__MATERIAL SHOWN__:
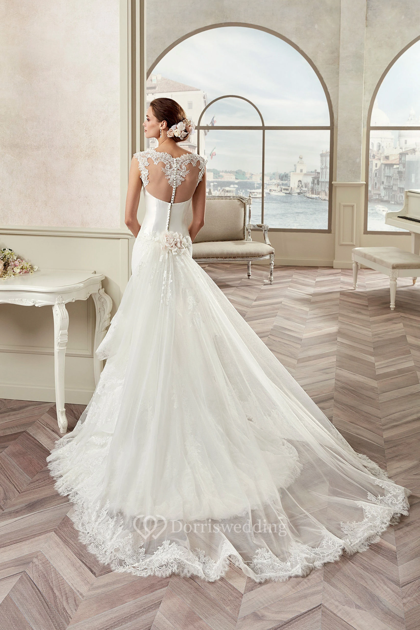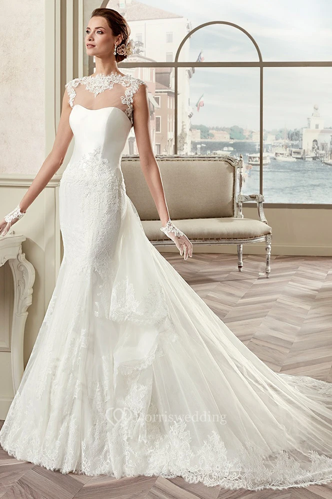 Cap Sleeve Sheath Mermaid Bridal Gown With Illusive Design And Detachable Train
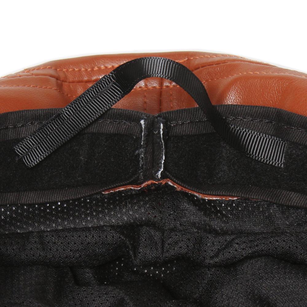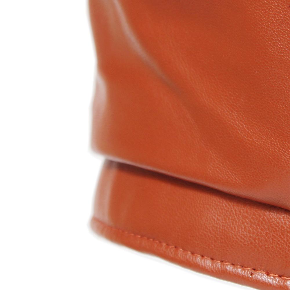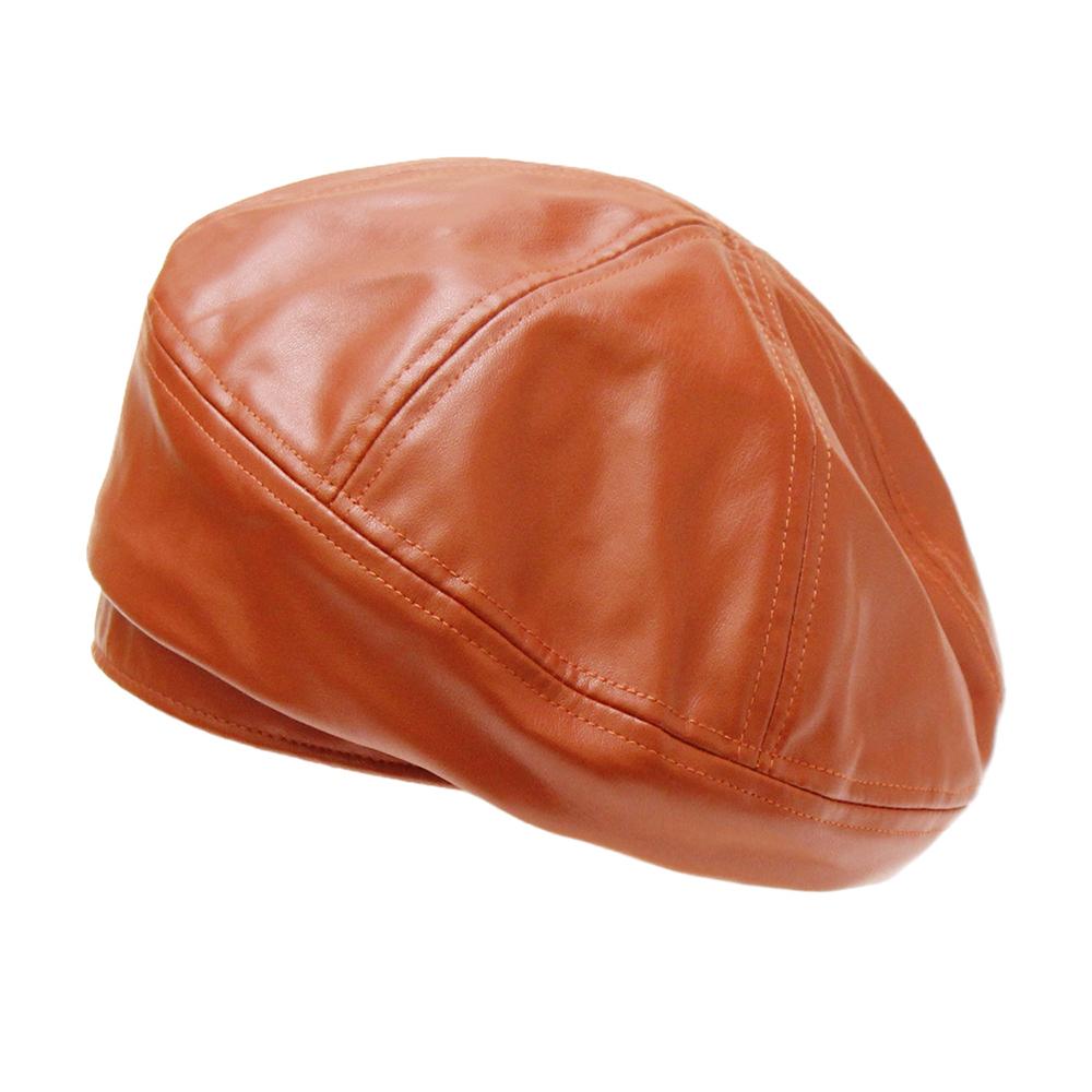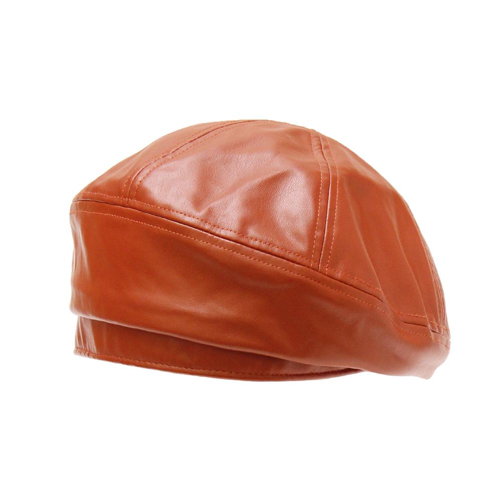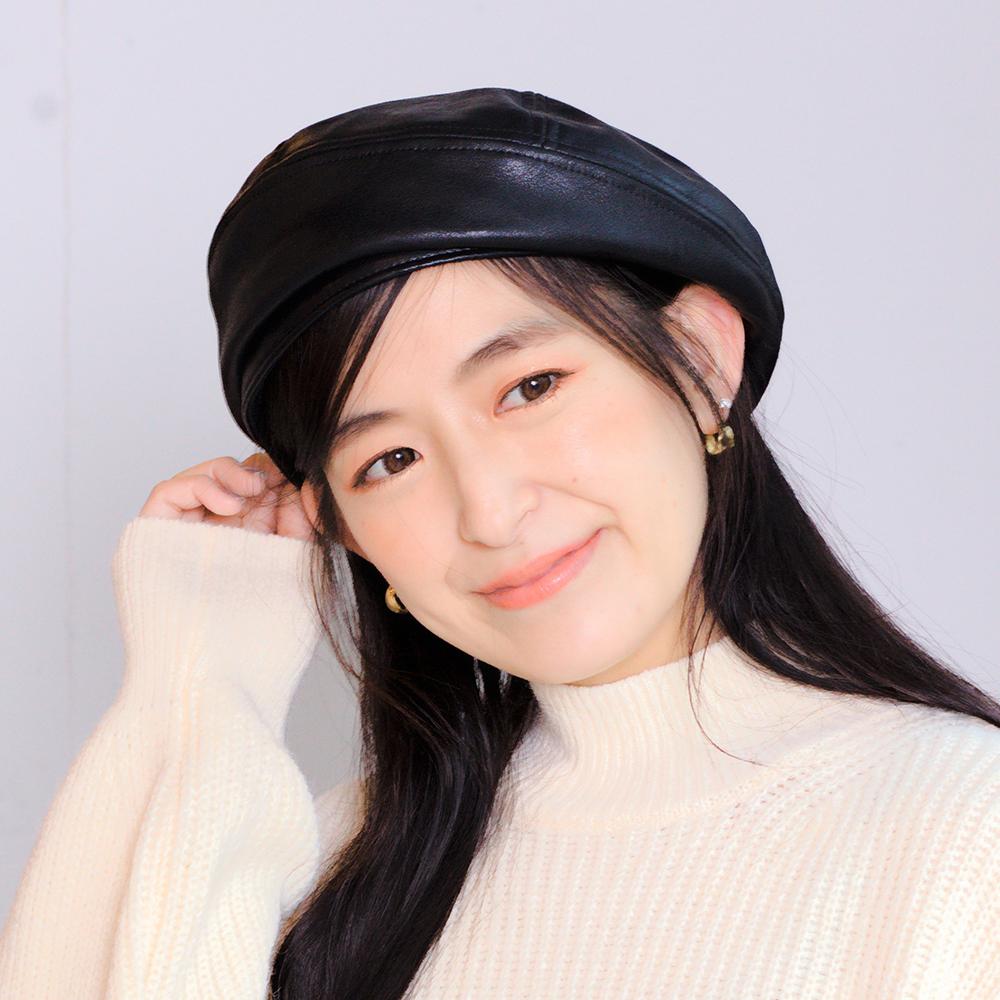 丸いシルエットのエコレザーを使用したベレー帽。重心を横にずらして被るのがおすすめ。男性も女性も使いやすい、コーデに馴染む秋冬ベレーです。内側にあるすべりの裏側には、サイズを調節して頂けるテープが付いていますのでご自分のサイズ感で被って頂けます。
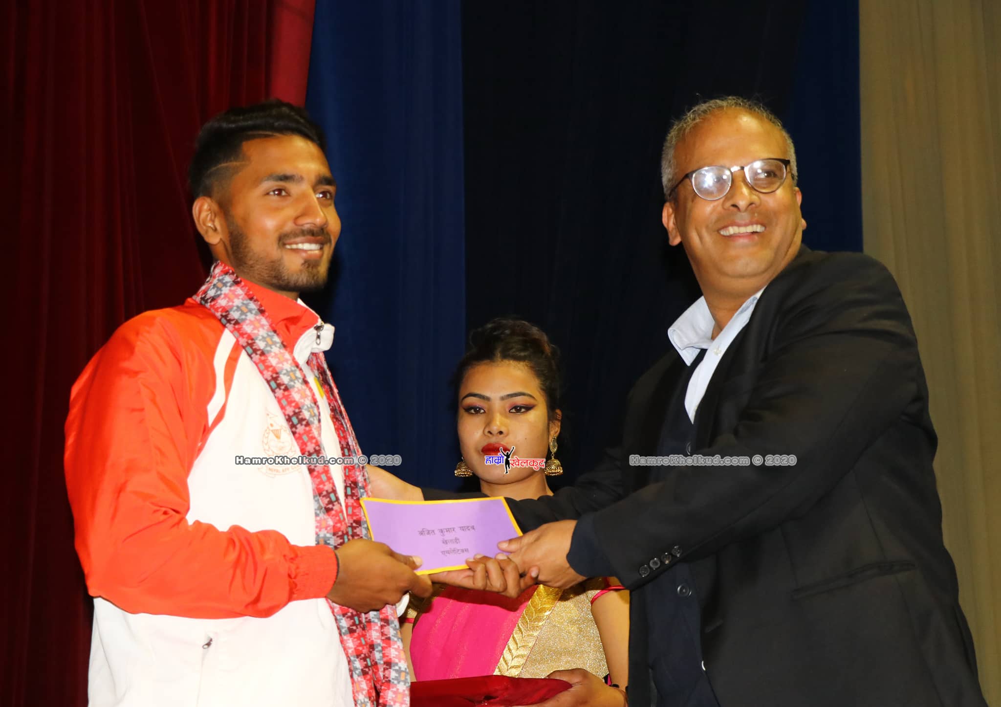 सो अवसरमा जुनियर एसियन एथ्लेटिक्स च्याम्पियनसपिमा स्वर्ण पदक विजता अजितकुमार यादवसहित ४ प्रशिक्षकलाई पनि नगद पुरस्कारबाट सम्मान गरिएको छ ।
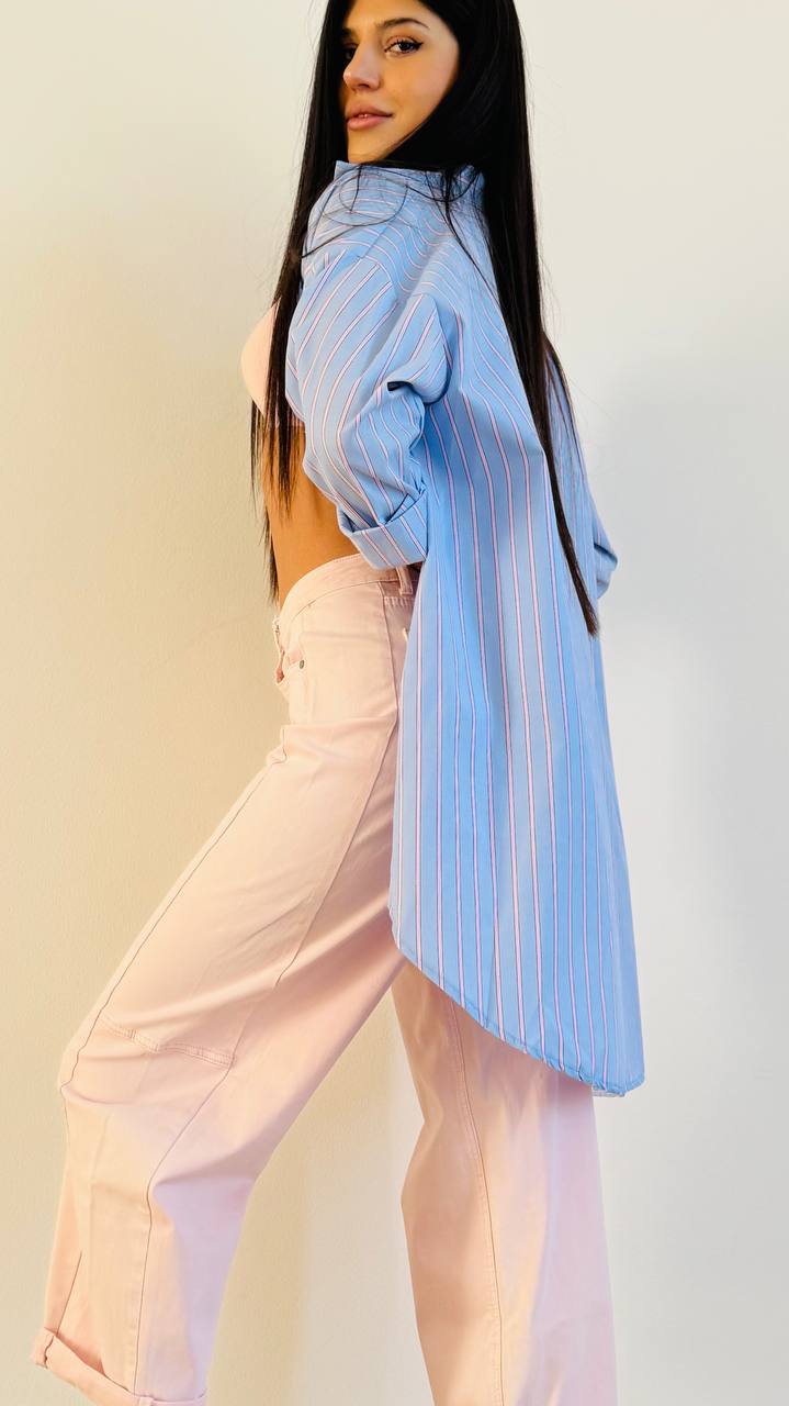 Camicia dalle linee aschili con bottoni nascosti realizzata in misto cotone in fantasia bacchettata. Taglia unica consigliata fino alla 46. Made in Italy.
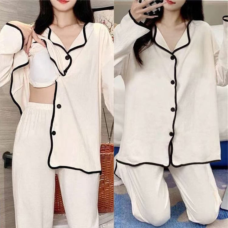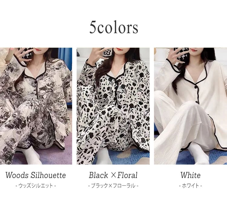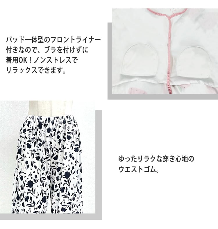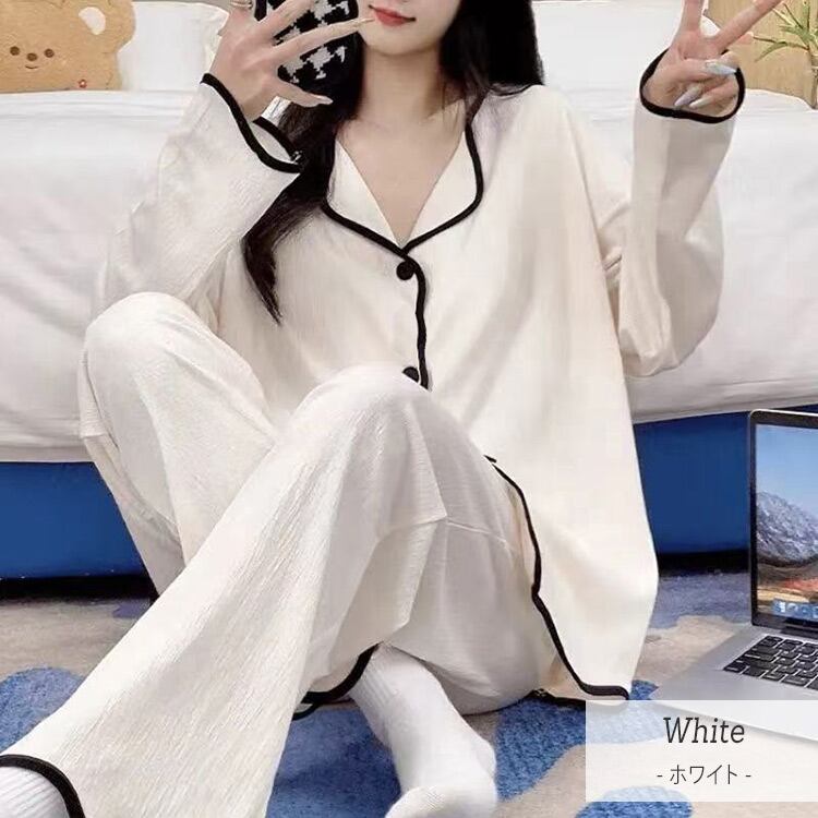 緩やかなメロウ風のパイピングが可愛いルームウェア。

__EXERCISE PROMPT__: When you transcribe these entries, keep every word exact and drop the pictures.

__EXERCISE OUTPUT__:
 Cap Sleeve Sheath Mermaid Bridal Gown With Illusive Design And Detachable Train
 丸いシルエットのエコレザーを使用したベレー帽。重心を横にずらして被るのがおすすめ。男性も女性も使いやすい、コーデに馴染む秋冬ベレーです。内側にあるすべりの裏側には、サイズを調節して頂けるテープが付いていますのでご自分のサイズ感で被って頂けます。
 सो अवसरमा जुनियर एसियन एथ्लेटिक्स च्याम्पियनसपिमा स्वर्ण पदक विजता अजितकुमार यादवसहित ४ प्रशिक्षकलाई पनि नगद पुरस्कारबाट सम्मान गरिएको छ ।
 Camicia dalle linee aschili con bottoni nascosti realizzata in misto cotone in fantasia bacchettata. Taglia unica consigliata fino alla 46. Made in Italy.
 緩やかなメロウ風のパイピングが可愛いルームウェア。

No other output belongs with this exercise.